Analytical Buyer
We are seeking a skilled and innovative Data Scientist to join our basketball specialty retail team. As a Data Scientist, you will play a crucial role in leveraging data analytics to optimize various aspects of our retail operations, enhance customer experience, and contribute to data-driven decision-making within the basketball retail domain. This role is ideal for a candidate with a passion for both data science and basketball. You will be working closely with the BounceWear Operations Managers & Brand Director.Half-time and/or freelance possible
Responsibilities:
Data Analysis and Interpretation:
- Analyse large datasets related to customer behaviour (generating from Google, Cross Point and other external data-points), sales, inventory, and marketing to derive actionable insights.
Customer Segmentation:
- Utilize clustering algorithms and customer segmentation techniques to identify and target specific customer groups for personalized marketing and product recommendations.
Demand Forecasting:
- Develop predictive models to forecast product demand, enabling effective inventory management and optimizing stock levels for popular basketball products.
- Support in optimizing the stock by providing guidelines in terms of Store Pick-up and Store Delivery from and to the warehouse.
- Support in optimizing the collections to be purchased per season in terms of quantities, colorways, product assortment, etc.
- Move Slow & Fast movers around to optimize overall BounceWear Sales performance.
Pricing Optimization:
- Collaborate with the pricing team to develop pricing models that align with market trends, competitor pricing, and customer preferences.
Basketball Trends Analysis:
- Stay abreast of basketball industry trends and integrate relevant data to guide product offerings, promotions, and marketing strategies.
User Experience Enhancement:
- Work with UX/UI teams to incorporate data insights into website and mobile app improvements, ensuring an optimal online shopping experience for basketball enthusiasts.
Recommendation Systems:
Implement recommendation algorithms to suggest relevant basketball products to customers based on their browsing and purchasing history.
A/B Testing:
- Design and conduct A/B tests to evaluate the impact of changes in marketing strategies, website features, or product offerings.

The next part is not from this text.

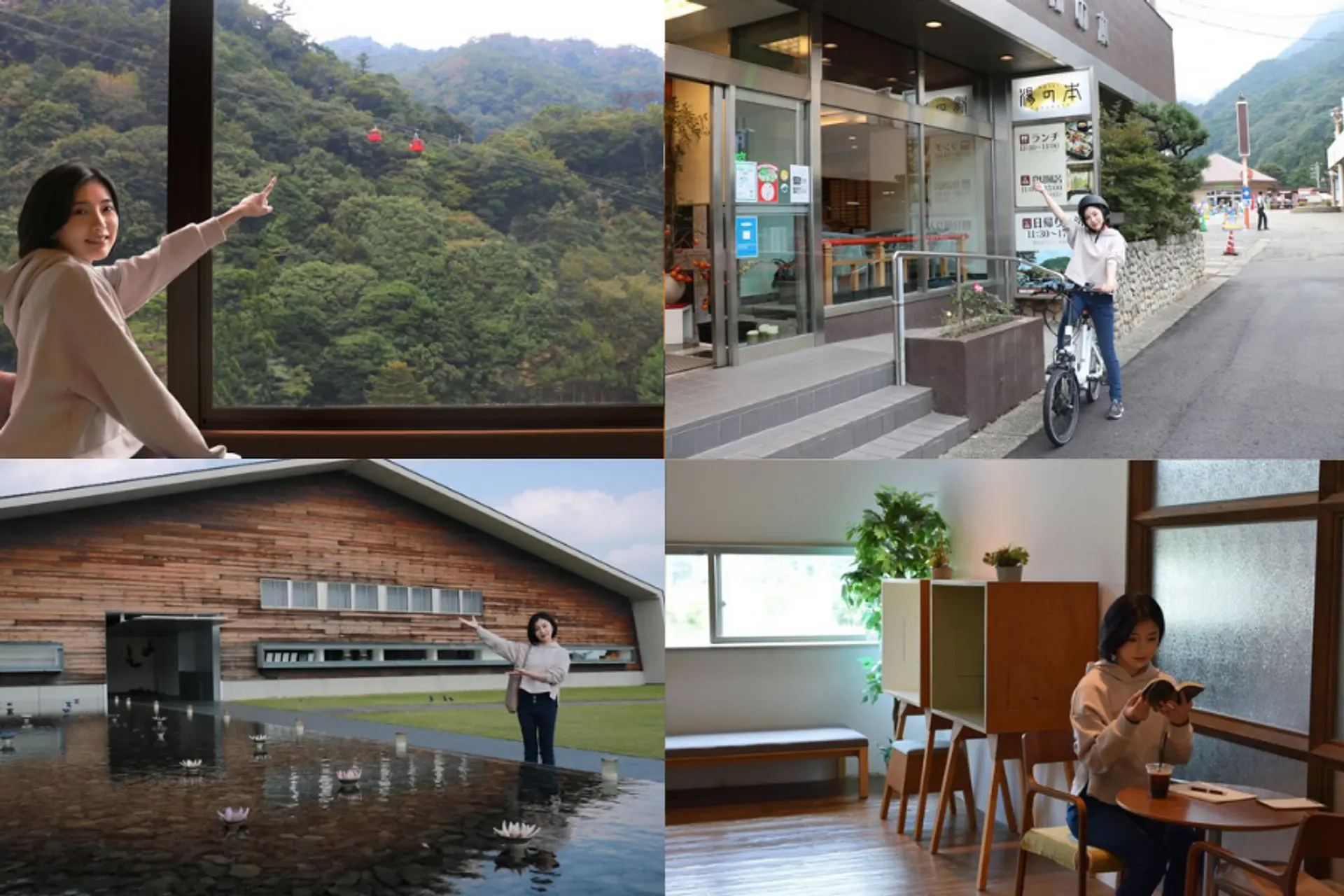 御在所ロープウエイから湯の山温泉、絶品の鹿肉バーガーまで、地域の自然や文化を楽しみながら、仕事も効率良く進められるコースをご紹介いたします。菰野町の豊かな自然を菰ビリティに乗って思う存分楽しみましょう!
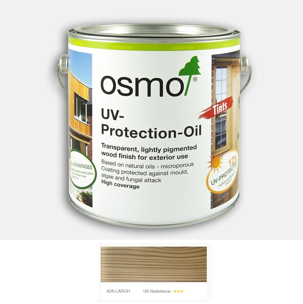 Osmo UV-Protection-Oil Tints is furnished with bio- cides and therefore it is only to be used in outdoor areas. The added active ingredients delay or minimize the risk of algae and fungal attack. For effective pro- tection, two coats are to be carried out. In accordance with the latest technical research, permanent pro- tection against algae and fungal attack cannot be provided. Osmo UV-Protection-Oil Tints Natural 429 protects wood nearly invisibly. The natural wood tone is pre- served - it does not enhance the the natural colour tone of the wood (no permanent wet effect).

Collaboration with Cross-Functional Teams:
- Collaborate with marketing, sales, and inventory teams to align data-driven strategies and enhance overall business performance.
Qualifications:
- Advanced degree in Data Science, Statistics, Computer Science, or a related field.
- Proven experience applying data science techniques in a retail or e-commerce environment.
- Proficiency in programming languages such as Python or R and especially PowerBi
- Strong analytical and problem-solving skills.